“I assure you, I cannot,” Salvator said.
“You assure me?” Radu stood up sharply and tugged his dress jacket down smartly over his chest. “Who are you to assure me? You are no councilor of mine, no trusted advisor to the imperial court. You serve my enemies!” He slammed his fist down on the corner of the desk as he circled it to stand beside the other men.
Salvator frowned.
This has gone on long enough.
“Yes, I suppose I do serve your enemies, Highness.” Salvator’s hand shot out and ripped the seireiken from the green-robed monk’s sash. The scabbard flew off the blade and clattered against the wall as the sun-steel sword bathed the room in a warm golden light. Ripples of heat danced around the edges of the blade.
The seireiken was heavier and shorter than his rapier, and the knowledge that even touching the flat of the blade was deadly did nothing to soothe Salvator’s peace of mind.
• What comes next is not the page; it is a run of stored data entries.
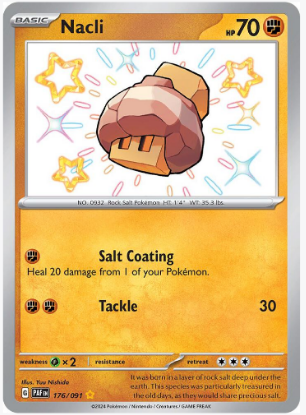 Carta: Nacli es una carta de Pokémon de la expansión SV: Paldean Fates (PAF). Este Pokémon de tipo Roca tiene una apariencia sólida y resistente, reflejando su capacidad para soportar los embates del tiempo y el entorno.
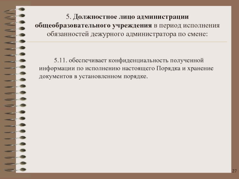 5. Должностное лицо администрации общеобразовательного учреждения в период исполнения обязанностей дежурного администратора по смене:
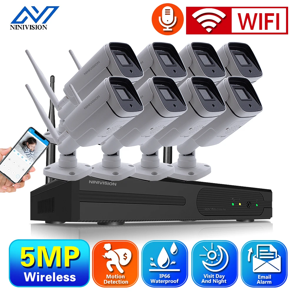 NINIVISION 8-канальный сетевой видеорегистратор Wifi NVR Kit 5MP открытый Водонепроницаемый IP безопасность Камера Wi-Fi Беспроводной комплект 8CH CCTV видео Камеры Скрытого видеонаблюдения Камера Системы набор
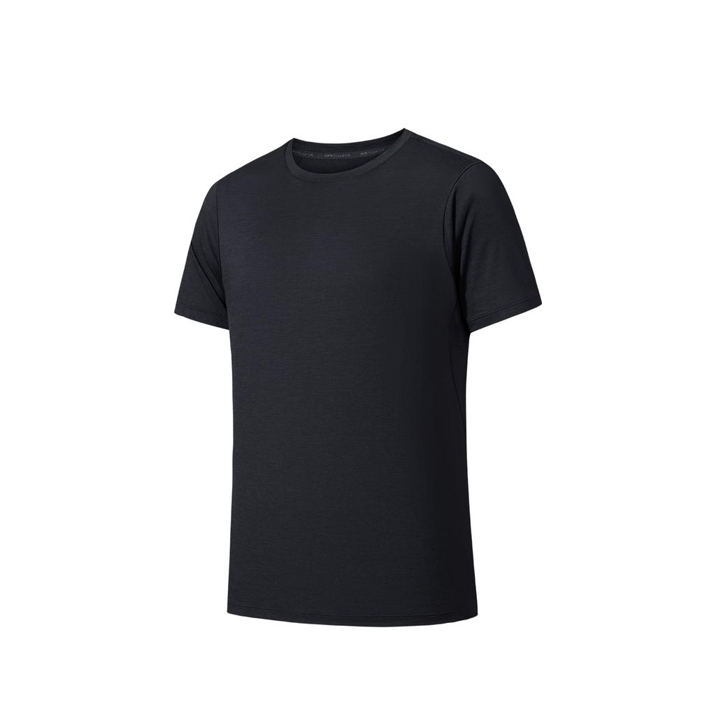 Anta Champion Mens Short Sleeve Knitted T-Shirt Summer Sports Tee Men Tops Basic-Black 152620107-4
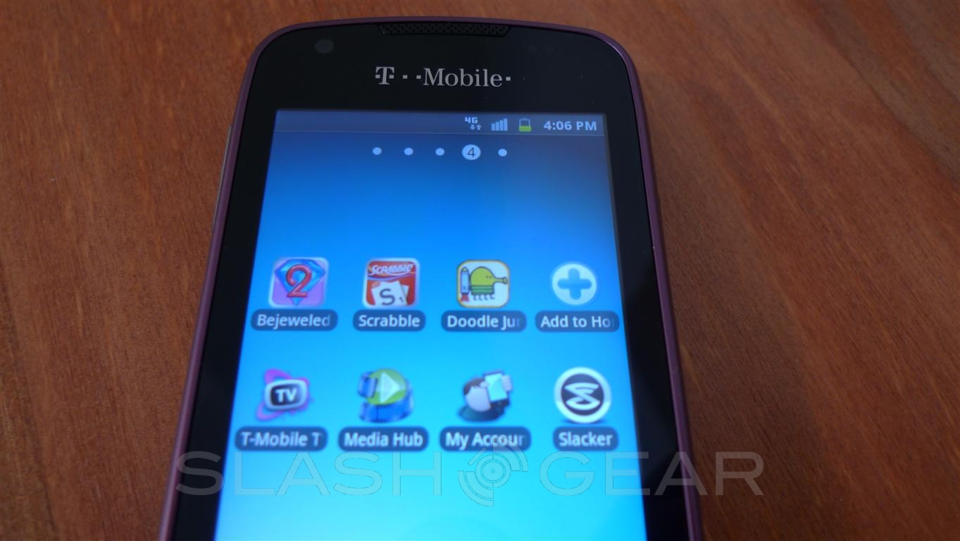 Out of the gate is actually comes pre-loaded with a few applications that are actually worthwhile and not what I'd consider "bloatware". Pre-installed you have a few popular games like Bejeweled 2, Scrabble, and Doodle Jump as well as all those usual T-Mobile apps like T-Mobile TV. It is nice to see it come with apps that will be of some use to many buyers rather than just loaded with nonsense.
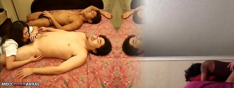 Steamy tear up Japanese lady gagging 2 throbbing pillars and get boinked in threeway
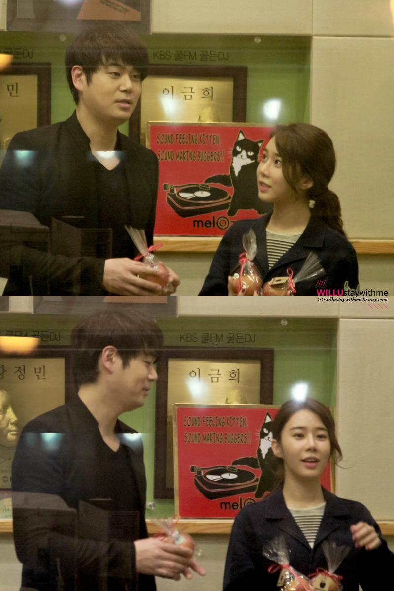 (공손히 디제이에게 직접 앨범을 전달합니다.)
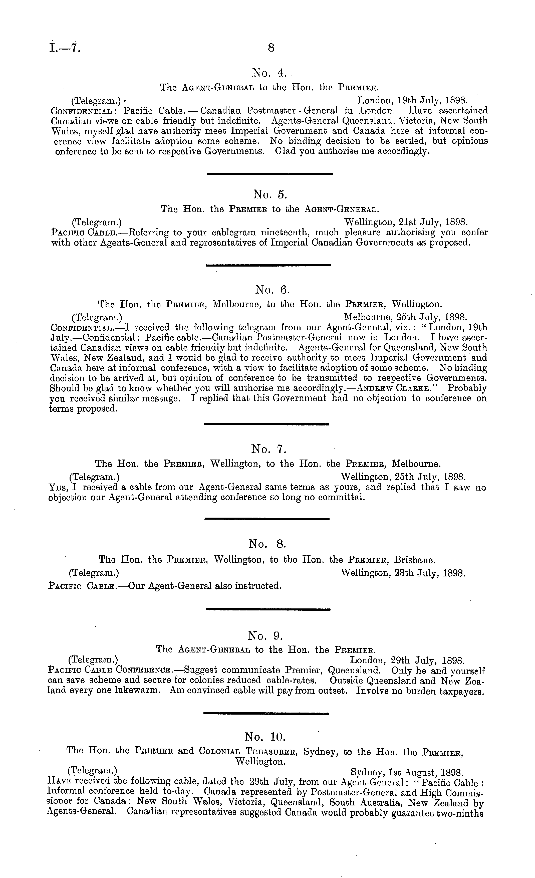 No. 5. The Hon. the Peemiee to the Agent-Geneeal. (Telegram.) Wellington, 21st July, 1898. Pacific Cable.—Referring to your cablegram nineteenth, much pleasure authorising you confer with other Agents-General and representatives of Imperial Canadian Governments as proposed.
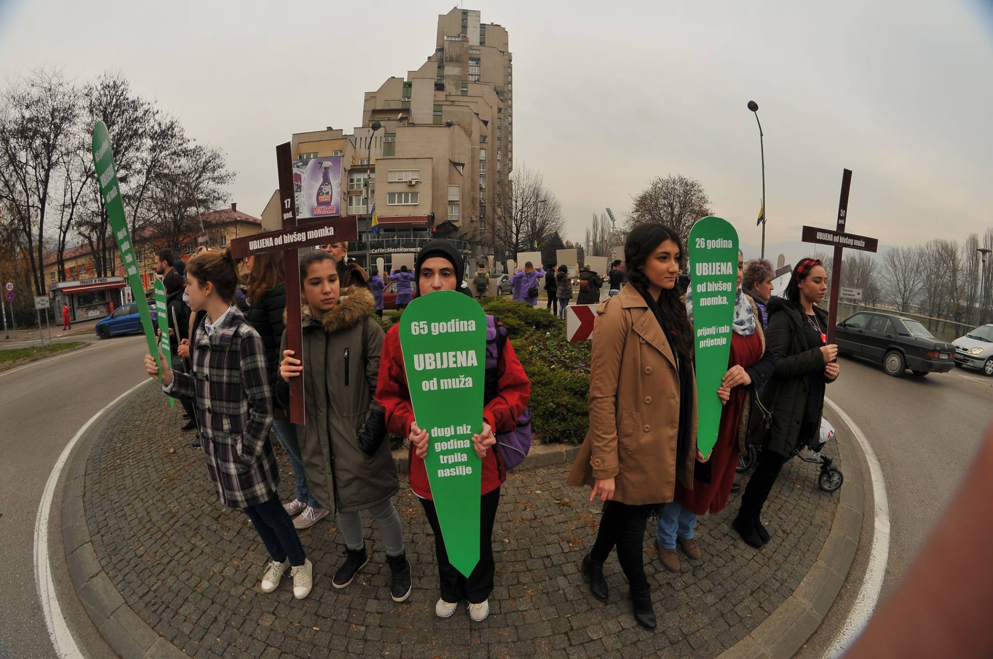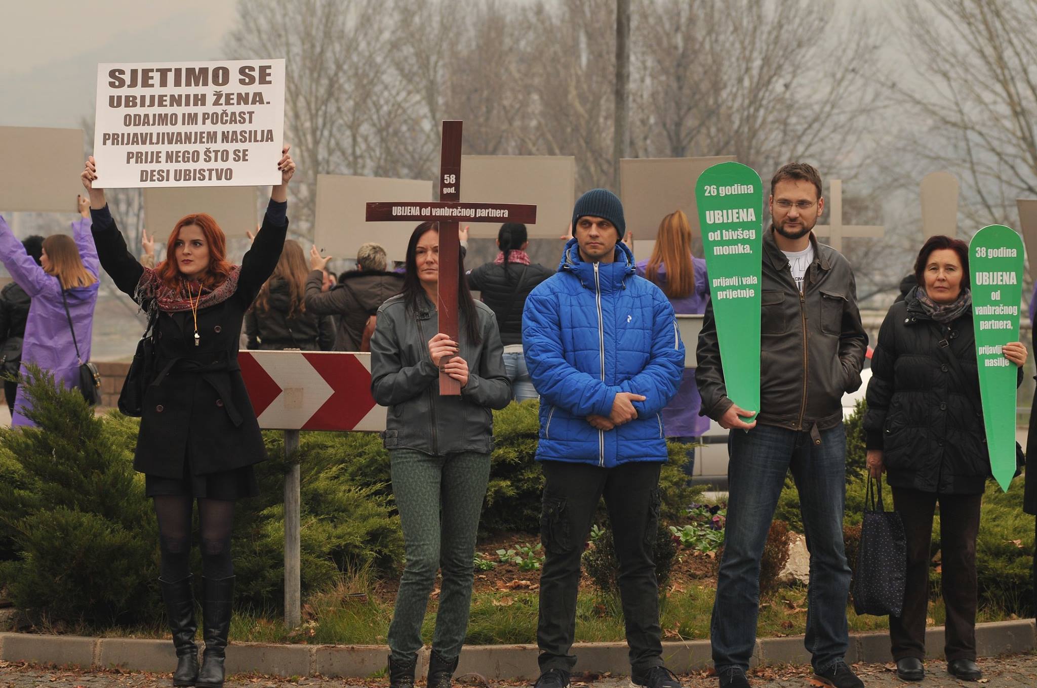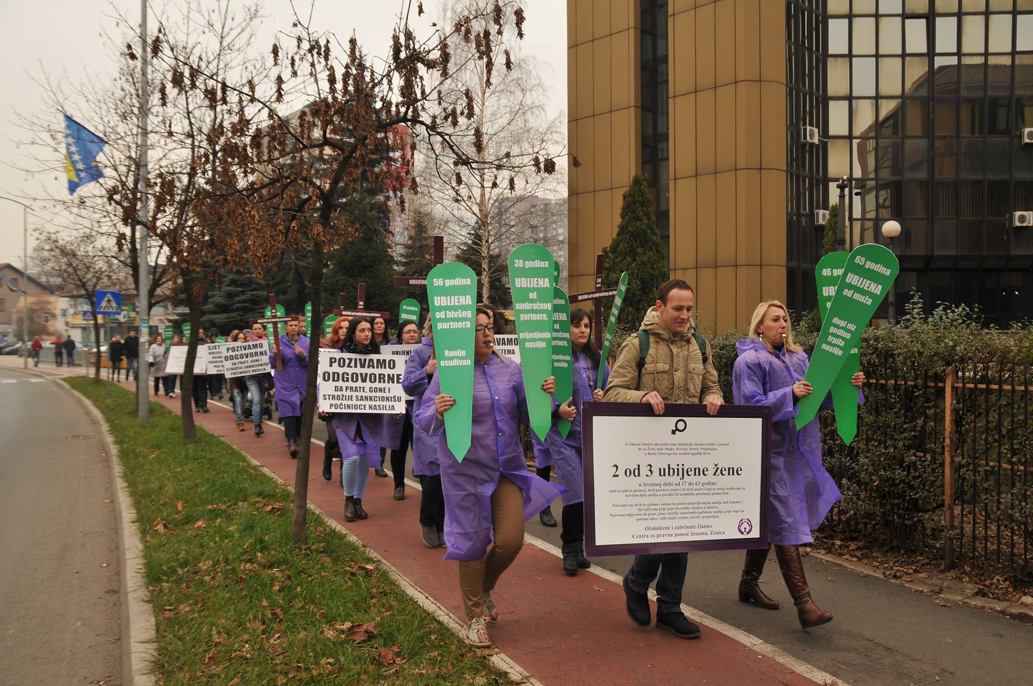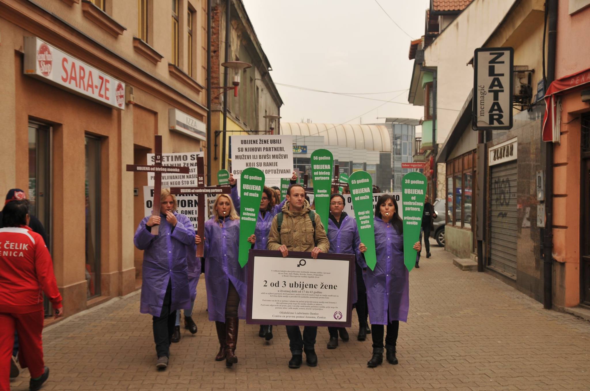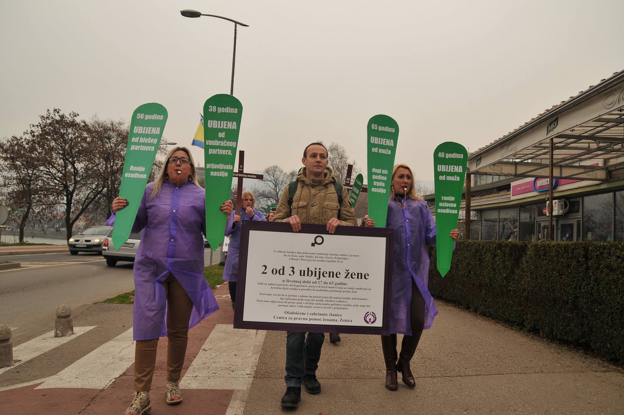 Članice Centra danas su prošetale centrom grada, u svojevrsnom performansu, držeći križeve i nišane “ubijenih žena” simbolično skrenule pažnju da nasilje nad ženama ne poznaje ni religiju, naciju ili bilo koju drugu različitost.

But still, it was a weapon, and a terrifying one at that.
Suddenly everyone in the room was quite still and silent, and every eye was fixed on the shining sword. Salvator swung the tip of the blade casually past Iruka’s face, passing just before his eyes, and then he pointed the bright sword at the sweating prince. “Highness, I could kill you and everyone in this room before you could cry out for your guards. I could imprison your souls in this hideous sword and leave you trapped in there for all eternity, and I could slaughter my way out of this palace and sail back to my beloved Rome, where I will live out my days, never giving any of you a second thought.”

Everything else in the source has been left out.